- Exercise goal:
Each line of the data below that carries the word "Plover" needs to be copied.
☆ ☆ ☆
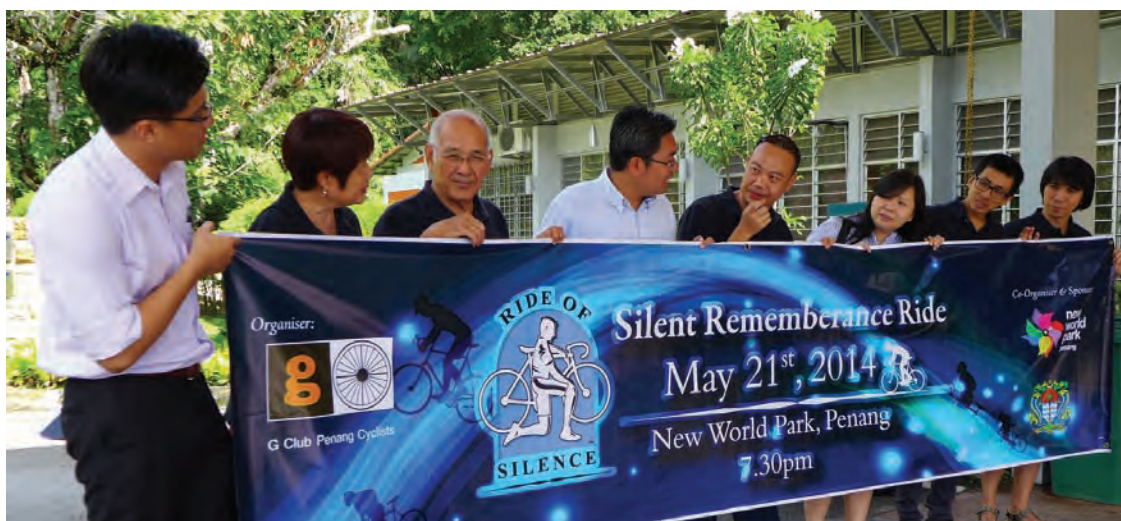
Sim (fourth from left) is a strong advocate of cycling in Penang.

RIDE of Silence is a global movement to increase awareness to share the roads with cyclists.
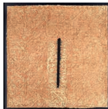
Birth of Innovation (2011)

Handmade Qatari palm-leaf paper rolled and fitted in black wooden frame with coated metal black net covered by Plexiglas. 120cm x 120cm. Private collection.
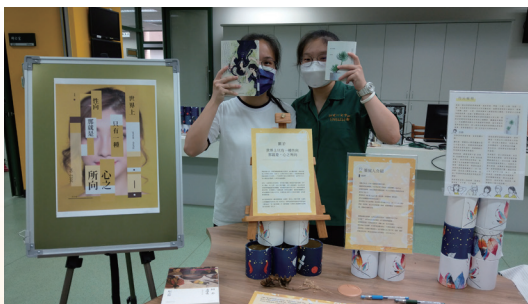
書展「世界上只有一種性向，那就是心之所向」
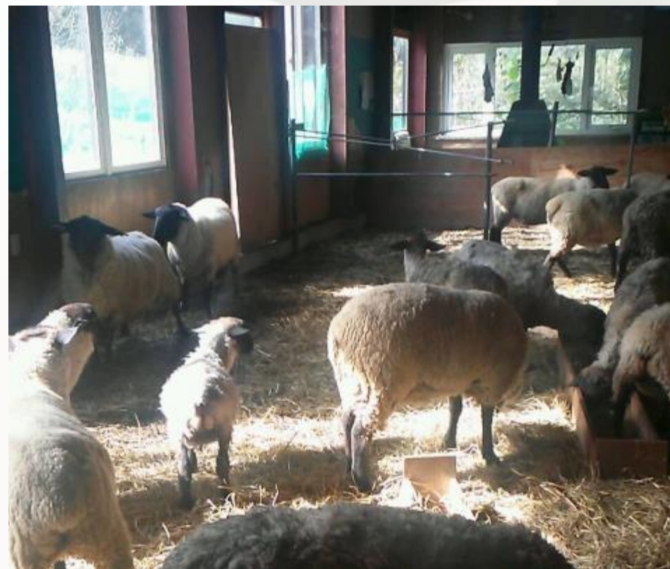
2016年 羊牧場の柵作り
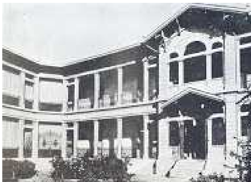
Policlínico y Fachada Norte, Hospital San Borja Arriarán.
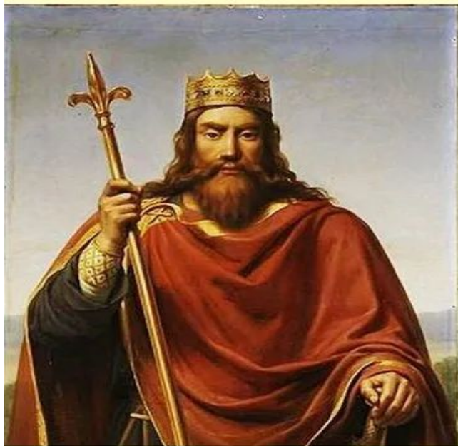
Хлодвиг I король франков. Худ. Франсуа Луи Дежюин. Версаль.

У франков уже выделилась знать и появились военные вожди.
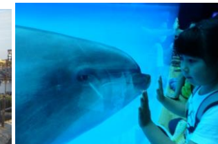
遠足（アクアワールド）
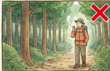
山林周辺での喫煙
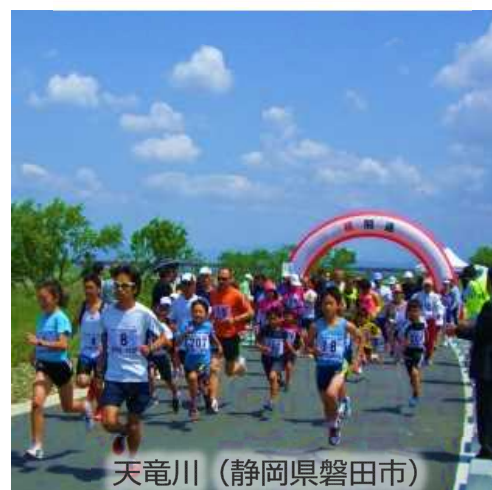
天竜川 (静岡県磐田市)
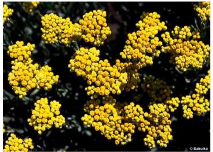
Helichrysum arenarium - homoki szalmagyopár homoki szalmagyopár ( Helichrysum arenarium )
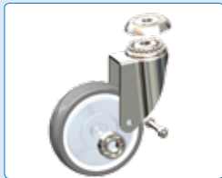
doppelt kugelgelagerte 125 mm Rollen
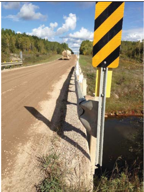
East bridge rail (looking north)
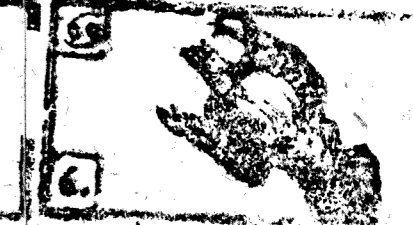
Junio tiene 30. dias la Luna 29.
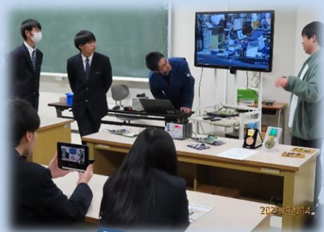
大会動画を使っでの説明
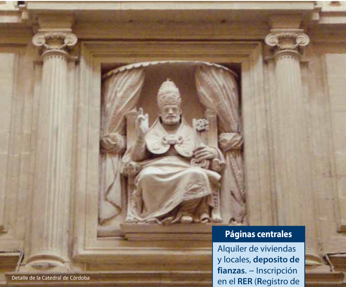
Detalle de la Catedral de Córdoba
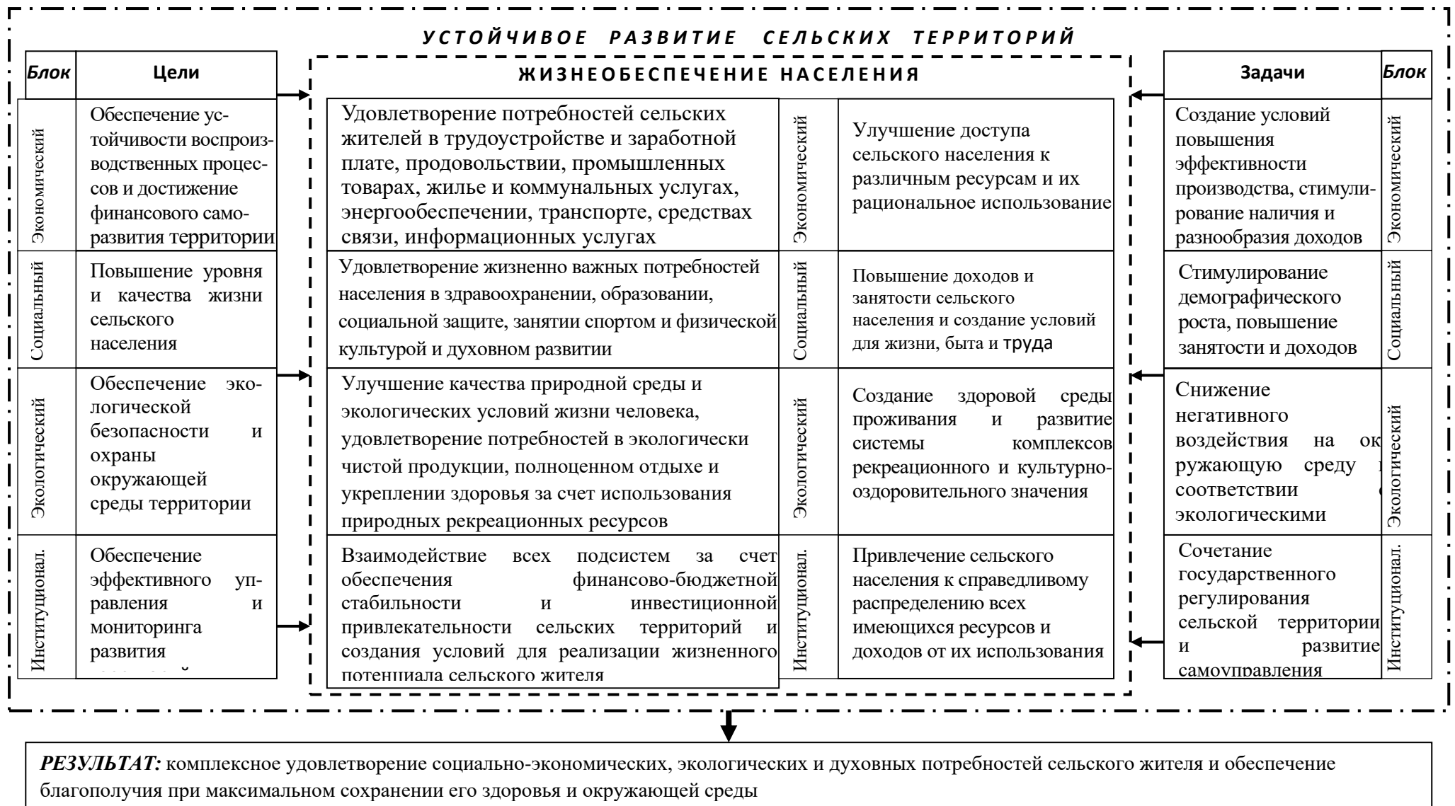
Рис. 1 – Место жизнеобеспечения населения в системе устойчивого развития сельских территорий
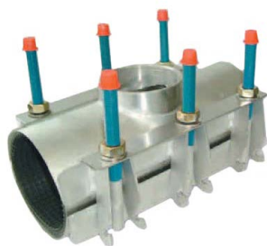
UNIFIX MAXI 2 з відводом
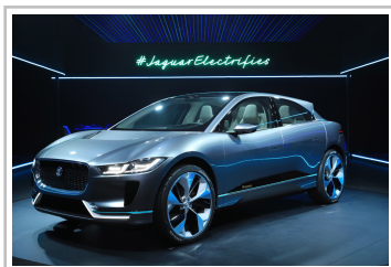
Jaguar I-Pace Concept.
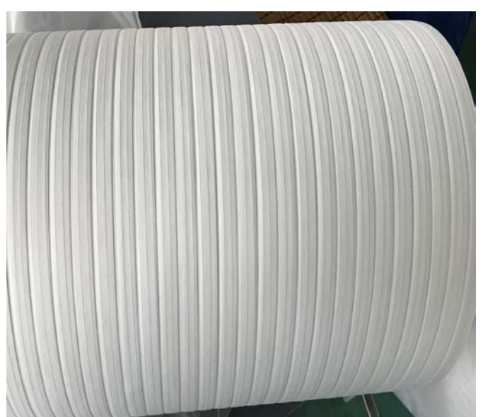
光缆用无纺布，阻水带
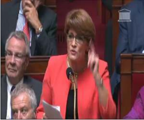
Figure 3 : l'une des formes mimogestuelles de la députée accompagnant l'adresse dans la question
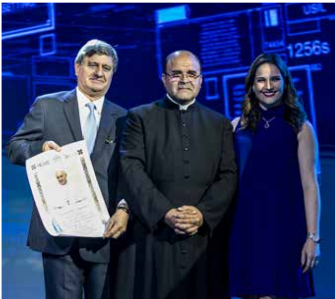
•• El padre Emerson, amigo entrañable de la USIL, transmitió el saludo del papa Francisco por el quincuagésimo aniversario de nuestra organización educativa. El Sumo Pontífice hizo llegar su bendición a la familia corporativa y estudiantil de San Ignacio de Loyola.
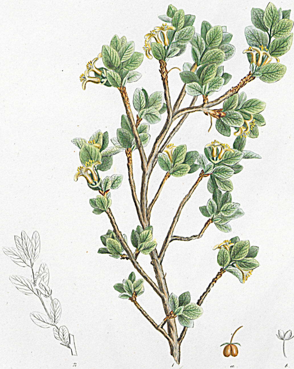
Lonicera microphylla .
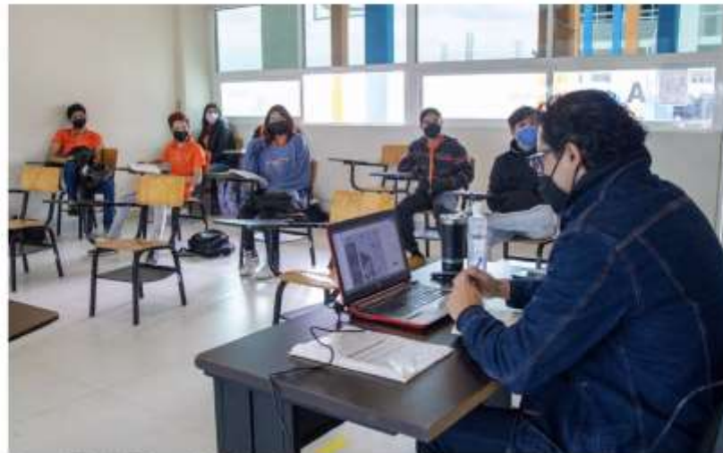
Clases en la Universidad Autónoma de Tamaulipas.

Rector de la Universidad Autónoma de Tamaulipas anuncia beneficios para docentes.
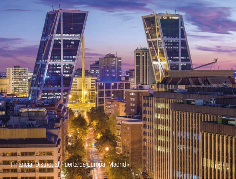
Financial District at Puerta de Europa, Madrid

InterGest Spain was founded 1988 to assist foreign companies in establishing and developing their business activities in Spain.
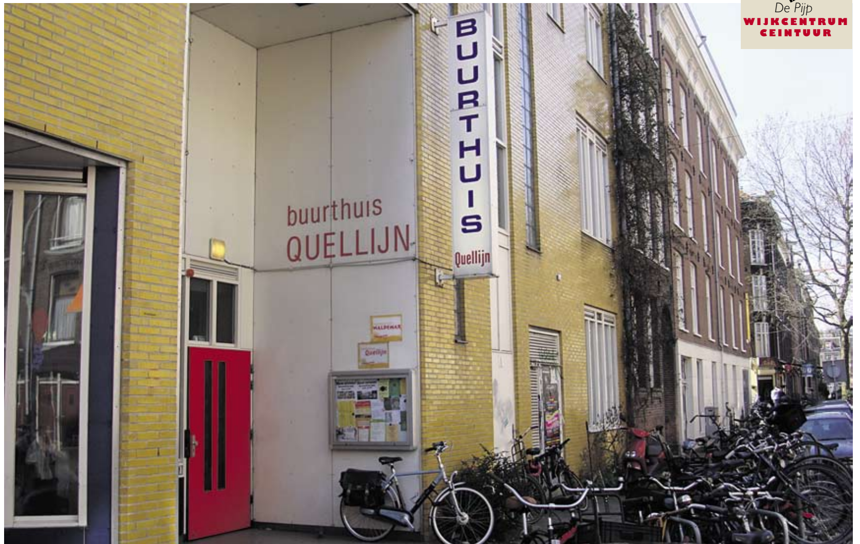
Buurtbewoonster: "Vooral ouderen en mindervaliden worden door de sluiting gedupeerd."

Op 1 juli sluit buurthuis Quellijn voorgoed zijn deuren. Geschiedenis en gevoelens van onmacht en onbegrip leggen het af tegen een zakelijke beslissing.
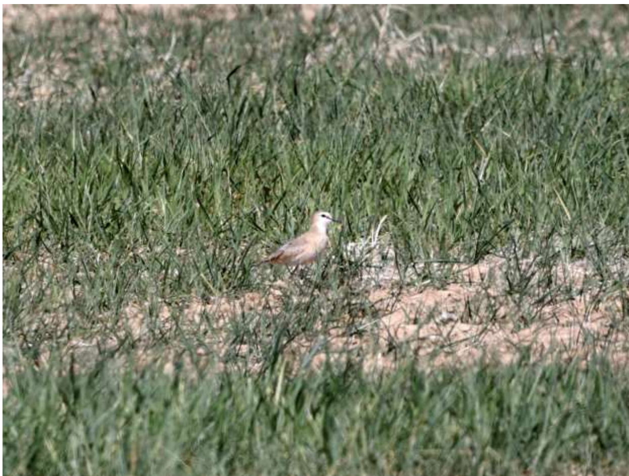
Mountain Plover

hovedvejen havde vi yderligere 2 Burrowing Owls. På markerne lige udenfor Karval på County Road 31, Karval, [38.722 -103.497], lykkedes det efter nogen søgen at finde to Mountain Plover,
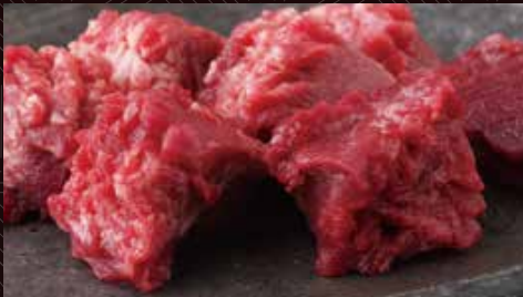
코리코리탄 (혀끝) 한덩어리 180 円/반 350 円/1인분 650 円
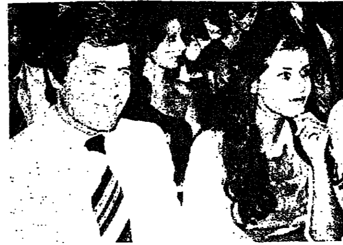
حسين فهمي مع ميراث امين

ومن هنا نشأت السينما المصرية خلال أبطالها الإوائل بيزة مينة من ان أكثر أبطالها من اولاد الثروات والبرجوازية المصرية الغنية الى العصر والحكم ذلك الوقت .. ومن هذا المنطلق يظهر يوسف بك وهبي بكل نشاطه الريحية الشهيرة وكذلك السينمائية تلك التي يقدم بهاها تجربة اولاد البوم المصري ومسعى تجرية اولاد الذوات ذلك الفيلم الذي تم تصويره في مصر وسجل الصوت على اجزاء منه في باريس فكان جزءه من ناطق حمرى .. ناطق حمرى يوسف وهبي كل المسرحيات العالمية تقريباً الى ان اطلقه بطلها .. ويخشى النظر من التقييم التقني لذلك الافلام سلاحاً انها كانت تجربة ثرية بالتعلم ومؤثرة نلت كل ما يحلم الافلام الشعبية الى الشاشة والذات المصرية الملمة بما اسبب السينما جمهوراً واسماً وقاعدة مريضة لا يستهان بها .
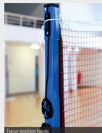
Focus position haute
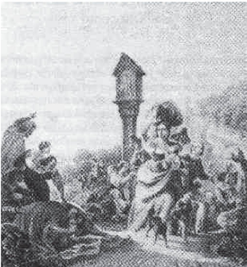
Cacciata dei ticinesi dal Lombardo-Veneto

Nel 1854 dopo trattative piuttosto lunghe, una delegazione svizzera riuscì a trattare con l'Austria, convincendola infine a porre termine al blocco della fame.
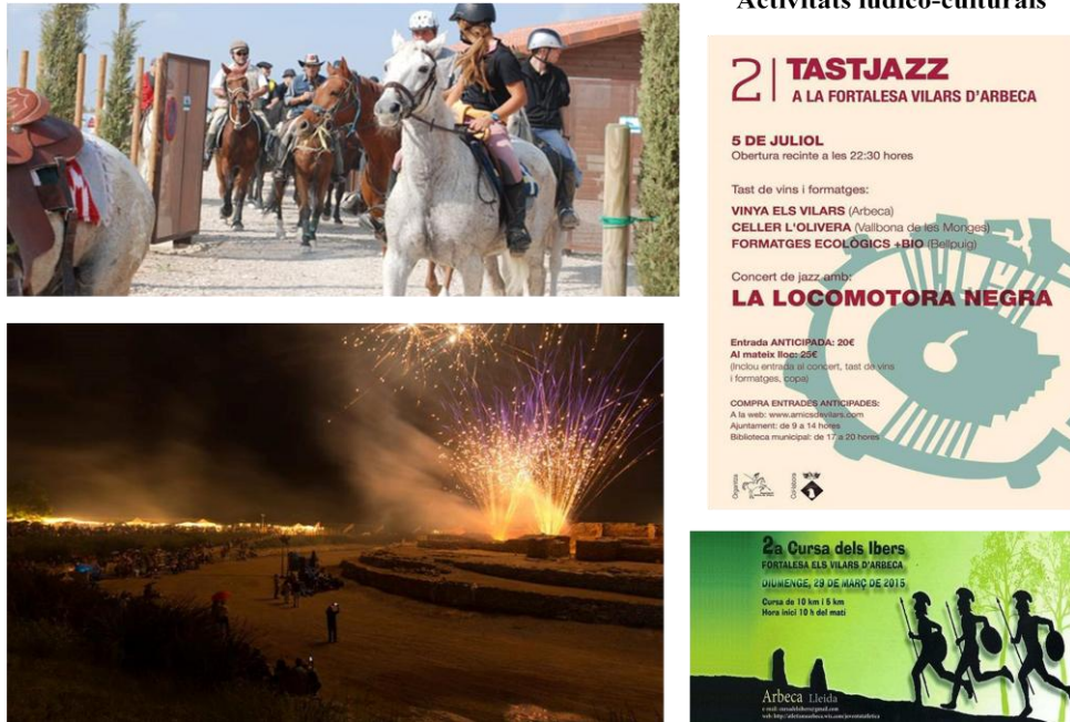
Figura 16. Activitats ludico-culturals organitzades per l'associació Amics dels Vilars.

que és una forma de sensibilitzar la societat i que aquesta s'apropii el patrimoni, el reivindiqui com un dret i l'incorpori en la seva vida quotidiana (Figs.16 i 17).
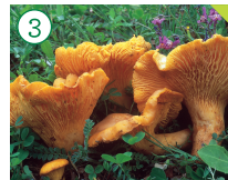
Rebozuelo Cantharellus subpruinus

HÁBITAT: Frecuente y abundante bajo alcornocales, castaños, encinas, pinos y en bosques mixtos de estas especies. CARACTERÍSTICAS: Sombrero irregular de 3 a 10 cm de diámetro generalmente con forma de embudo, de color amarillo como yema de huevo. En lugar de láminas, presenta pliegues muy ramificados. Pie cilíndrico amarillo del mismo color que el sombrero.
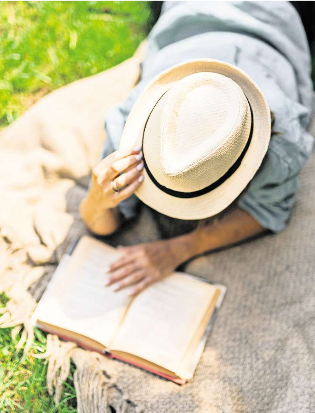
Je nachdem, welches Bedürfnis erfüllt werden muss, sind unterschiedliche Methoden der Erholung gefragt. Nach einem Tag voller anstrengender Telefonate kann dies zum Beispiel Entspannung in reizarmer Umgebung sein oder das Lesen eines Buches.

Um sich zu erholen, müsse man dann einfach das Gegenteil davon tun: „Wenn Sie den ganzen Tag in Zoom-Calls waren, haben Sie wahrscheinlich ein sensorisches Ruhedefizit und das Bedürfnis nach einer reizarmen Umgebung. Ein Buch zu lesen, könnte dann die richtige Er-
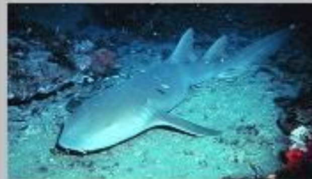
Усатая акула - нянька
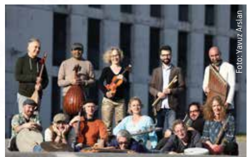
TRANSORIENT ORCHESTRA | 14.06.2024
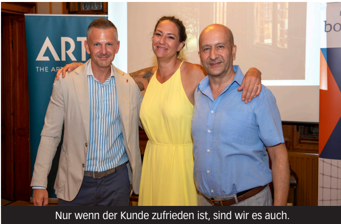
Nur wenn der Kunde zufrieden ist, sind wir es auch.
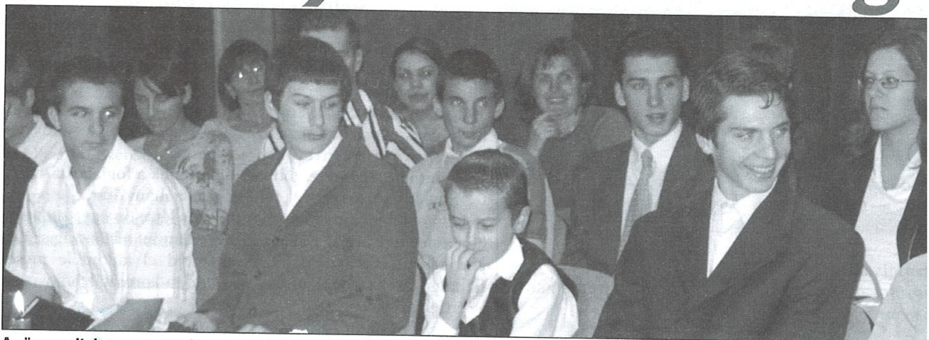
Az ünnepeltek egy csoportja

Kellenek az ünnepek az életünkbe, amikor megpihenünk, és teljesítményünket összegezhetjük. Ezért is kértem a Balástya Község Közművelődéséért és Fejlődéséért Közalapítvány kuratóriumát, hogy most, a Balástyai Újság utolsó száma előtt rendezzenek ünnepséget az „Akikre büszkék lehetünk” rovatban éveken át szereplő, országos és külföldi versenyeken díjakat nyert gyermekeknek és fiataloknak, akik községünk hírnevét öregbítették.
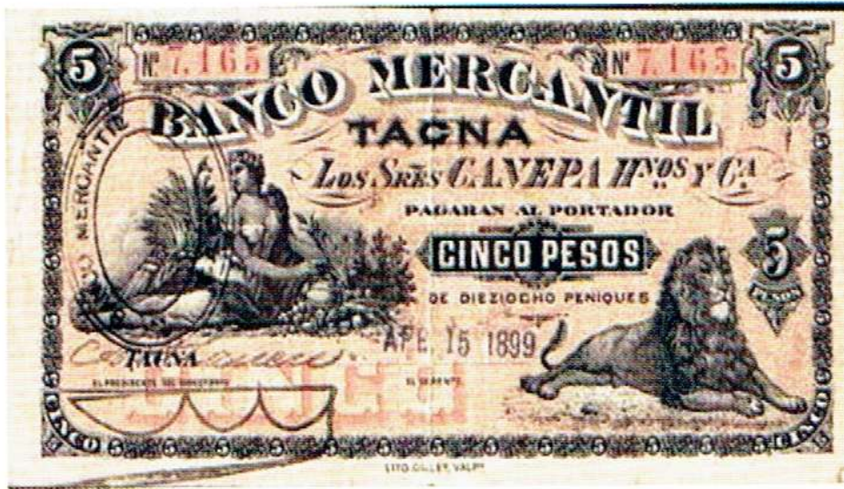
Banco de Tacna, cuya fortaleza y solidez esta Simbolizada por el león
☆ ☆ ☆
- Solution for this exercise:
Mountain Plover
hovedvejen havde vi yderligere 2 Burrowing Owls. På markerne lige udenfor Karval på County Road 31, Karval, [38.722 -103.497], lykkedes det efter nogen søgen at finde to Mountain Plover,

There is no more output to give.